### What is expected
Using the listing below, please print exactly the lines from the one with "Delightfully hand-crafted felt" through the one with "硅膠涂鴉畫主要采用兒童教育方". Leave out every picture.

### Supplied records
[Start of Attachment]

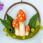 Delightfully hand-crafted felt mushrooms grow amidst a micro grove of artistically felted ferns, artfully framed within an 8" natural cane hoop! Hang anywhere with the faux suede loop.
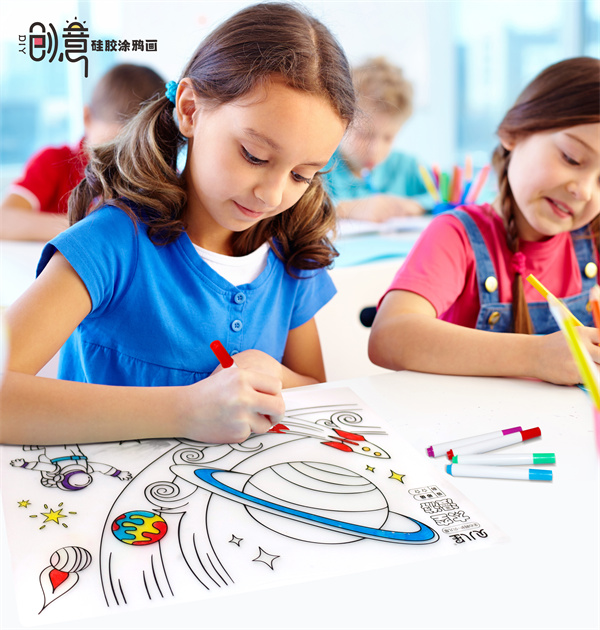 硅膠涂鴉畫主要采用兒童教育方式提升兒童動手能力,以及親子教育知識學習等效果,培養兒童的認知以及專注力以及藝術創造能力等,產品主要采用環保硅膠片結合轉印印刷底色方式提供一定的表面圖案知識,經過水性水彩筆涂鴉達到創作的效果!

[End of Attachment]
[Start of Attachment]

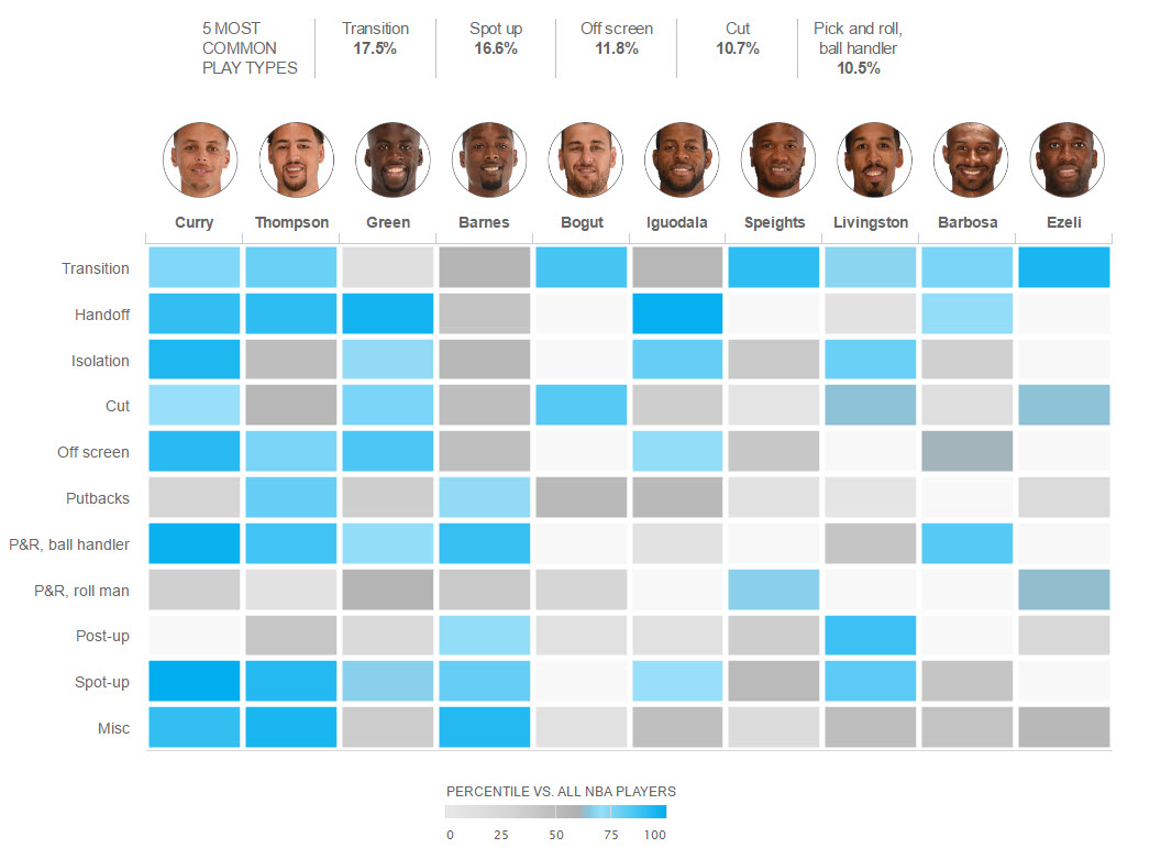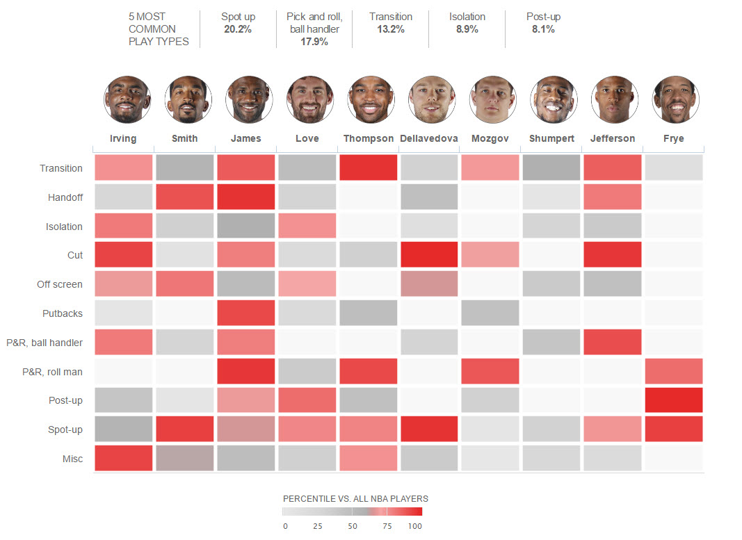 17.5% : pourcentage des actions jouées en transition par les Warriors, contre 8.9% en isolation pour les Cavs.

[End of Attachment]

### Output for this task
 Delightfully hand-crafted felt mushrooms grow amidst a micro grove of artistically felted ferns, artfully framed within an 8" natural cane hoop! Hang anywhere with the faux suede loop.
 硅膠涂鴉畫主要采用兒童教育方式提升兒童動手能力,以及親子教育知識學習等效果,培養兒童的認知以及專注力以及藝術創造能力等,產品主要采用環保硅膠片結合轉印印刷底色方式提供一定的表面圖案知識,經過水性水彩筆涂鴉達到創作的效果!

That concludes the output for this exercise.